Devon blinked. "E-Elias, I told you... You don’t have to call me that."
Elias ignored him entirely and marched toward Lucien’s closed door, dragging Devon behind him with surprising determination. Devon tried to stop him, but the kid planted himself in front of the door and knocked with both fists.
Lucien opened it mid-meeting with Rowan. His eyes softened for a fraction of a second at the sight of his son. Then he noticed Devon just behind him, lowering his head awkwardly.
Elias puffed out his cheeks and stomped inside the study like a tiny general.
Lucien followed him with a puzzled frown. "Elias? What’s wrong?"
The boy pointed at Devon.
Then pointed at Lucien.
Then pointed at the empty couch like he was assigning seats.

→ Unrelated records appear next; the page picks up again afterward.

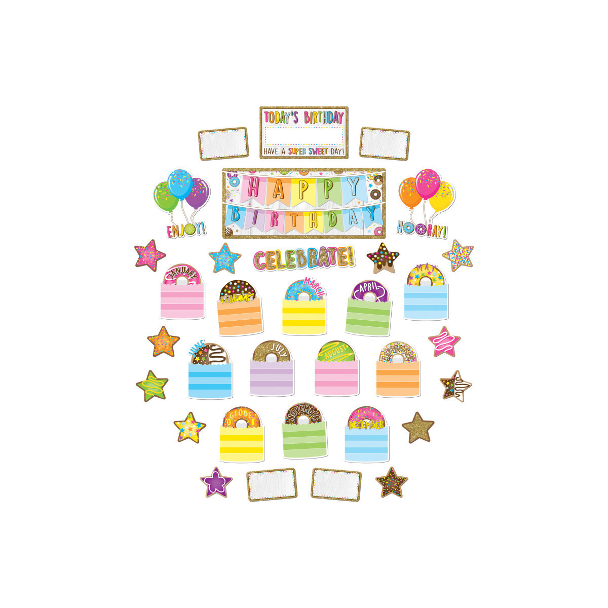 The Smart Poly® Birthday Mini Bulletin Board Set includes 33 pieces in the Donutfetti design. Made from a long lasting plastic material that does not require lamination. The surface is write-on wipe-off with dry erase or water based markers. Washable and easy to clean.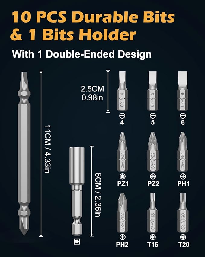 - 【10-Piece Magnetic Bit】Features 9 short bits and 1 dual-end long bit, optimized for common screws (Phillips, slotted, hex, etc.). Aluminum alloy tail withstands light tapping to make the screws more stable. (Note: Not a hammer substitute)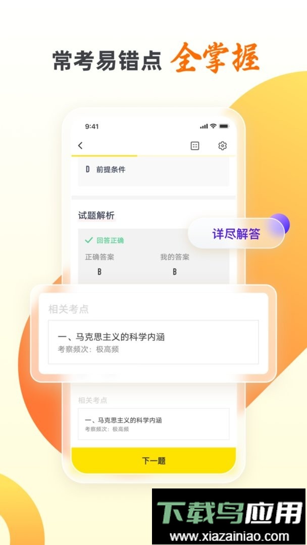 3. 完善的科学课程体系:为用户设计实用性强、结构清晰的学习课程,快速梳理考点、难点与得分点;内容涵盖自考专科、本科及成人专升本,将考试中的热点、易错点全面覆盖。

Devon blinked. "Elias, sweetheart, what are you..."
Elias marched back to Devon, grabbed his hand, and physically pulled him toward Lucien with all the fierce determination of a child fixing the world with pure stubborn love.

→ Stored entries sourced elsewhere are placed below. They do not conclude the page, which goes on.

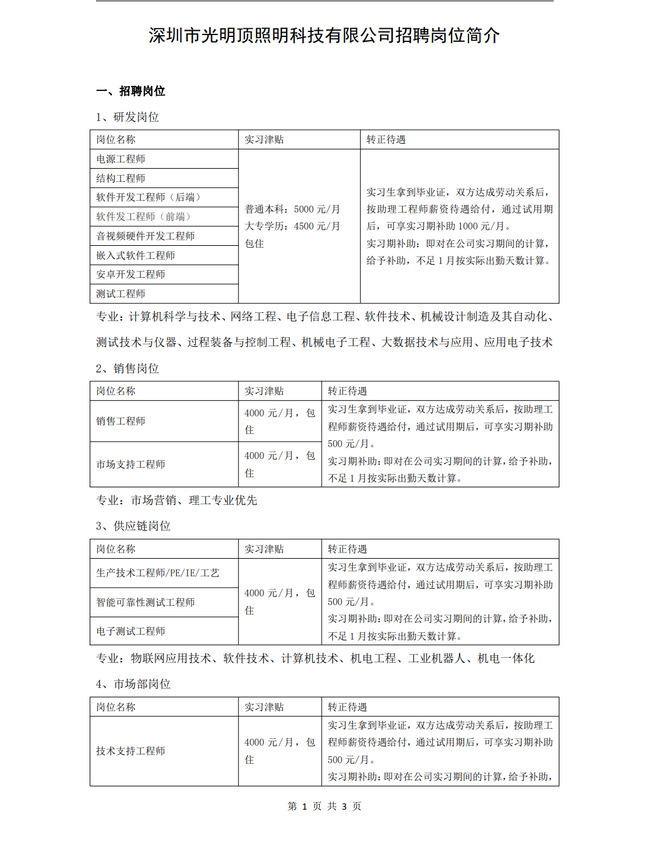 招聘信息 | 深圳市光明顶照明科技有限公司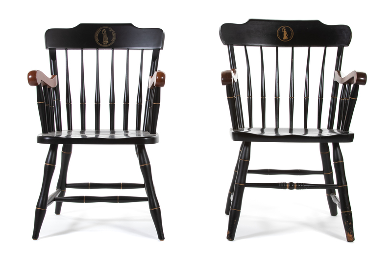 The shaped crest centered by a gilt-stenciled medallion inscribed UNIVERSITY OF VIRGINIA 1819, over parcel-gilt and ebonized spindles above the saddle seat, raised on bamboo-turned legs joined by stretchers; the reverse with brass plaque inscribed 'Thomas E. Martin, Jr.'49 President Alumni Association of the University of Virginia 1968-69'.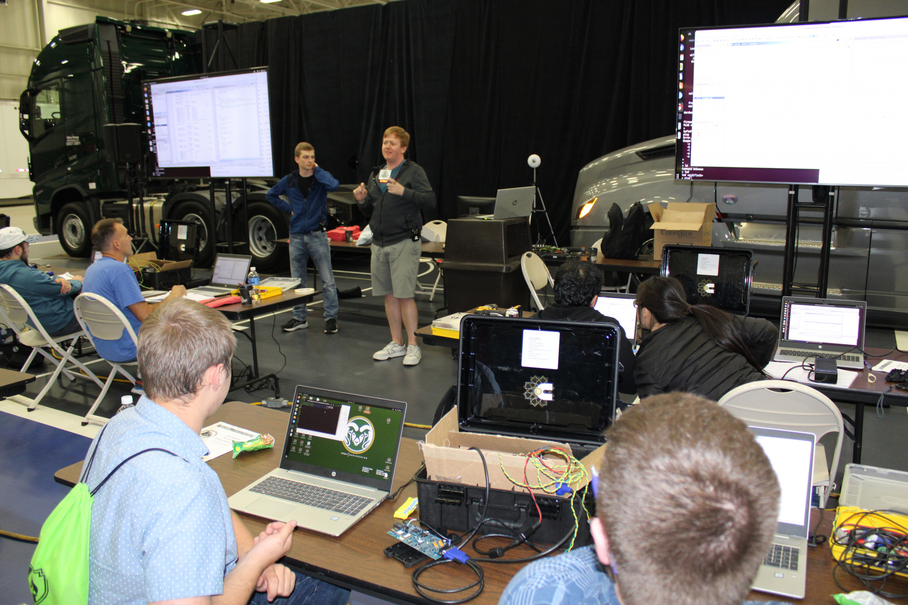 After the vehicle orientation, students were split into two groups (A and B) and found an empty student laptop to begin instruction. Some of the instructors have release their slides with the links below. However, the slides alone are insufficient to understand the experience for the students. For example, part way through the Truck Systems and J1939 class, students are instructed to identify some of the parts and components of a truck by opening the hood and inspecting the engine compartment with guidance from industry representatives. Each class has its own flavor and specialty necessary to examine different aspects of cybersecurity as it relates to heavy vehicles.

Lucien stared helplessly at Rowan, who pretended to cough to hide a smile.
"Devon, sit," Elias demanded.
Devon sat.
"Daddy, sit."
Lucien hesitated, but Elias’s glare could have leveled armies. He finally sat beside Devon, stiff as a board, careful not to touch.
Elias frowned harder. He pushed Lucien’s hand. He pushed Devon’s hand. He mashed their hands together like two puzzle pieces that didn’t know they belonged.
Devon froze, face burning. Lucien stiffened, breath catching for a moment, and he swore he didn’t feel. Elias finally relaxed, satisfied.
"Better," he said simply, crawling onto Devon’s lap like nothing unusual had happened.
Devon didn’t look at Lucien.
Lucien didn’t look at Devon.
But their hands stayed where Elias put them.
And for the first time in days... the wall between them cracked.